Industri menyatakan siap menyesuaikan sistem dan prosedur internal mereka untuk memenuhi standar PP TUNAS, termasuk memperketat proses verifikasi usia dan meningkatkan pencegahan paparan konten berisiko tinggi. Pendekatan ini dipandang penting agar platform gim dapat memenuhi batasan regulasi sekaligus menjaga keberlanjutan inovasi.
“PP Tunas menetapkan standar keamanan minimum bagi seluruh platform digital, termasuk gim daring. Mulai dari verifikasi usia, pembatasan akses fitur berisiko tinggi, hingga moderasi konten. Semua ini adalah fondasi agar ruang digital tetap aman dan layak bagi anak,” jelas Alexander.
Ia menilai bahwa penyesuaian industri harus berjalan paralel dengan Indonesia Game Rating System (IGRS) yang berfungsi sebagai pedoman teknis klasifikasi gim. Harmonisasi keduanya diharapkan menghilangkan tumpang tindih aturan dan memperjelas kewajiban penyelenggara sistem elektronik.
“Integrasi PP Tunas dan IGRS adalah kunci agar perlindungan anak bisa berjalan efektif. Semua platform digital harus memiliki pedoman yang konsisten dan dapat diterapkan. Kepatuhan para PSE tidak hanya soal memenuhi aturan, tetapi juga komitmen bersama menjaga ruang digital yang ramah anak,” lanjutnya.
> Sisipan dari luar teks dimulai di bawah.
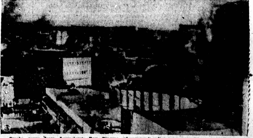
Smoke pours from Jerusalem's Rex Cinema (foreground) after terrorists allegedly set fire to the theater in retaliation for Arab violence which followed the United Nations' decision to partition Palestine. Three-quarters of the ownership of the theater is held by Arab interests, one-quarter by Jews. Other terrorist fires can be seen in the background.

Dirjen Pengawasan Ruang Digital KEmkomdigi mengarahkan tindak lanjut kebijakan ke area yang bersifat operasional. Fokus utamanya adalah penyusunan roadmap moderasi konten gim daring, penyelarasan mekanisme pelaporan pelanggaran, serta peningkatan kapasitas literasi digital bagi orang tua dan anak. Selain itu, akan dibentuk kelompok kerja bersama untuk menyinergikan langkah pemerintah dan industri.
Alexander menegaskan bahwa penguatan regulasi tidak diarahkan untuk menghambat pertumbuhan industri gim, melainkan memastikan aktivitas digital berlangsung dalam koridor yang aman bagi pengguna anak. Ia menekankan perlunya kerja sama lintas pihak, termasuk keluarga dan sekolah.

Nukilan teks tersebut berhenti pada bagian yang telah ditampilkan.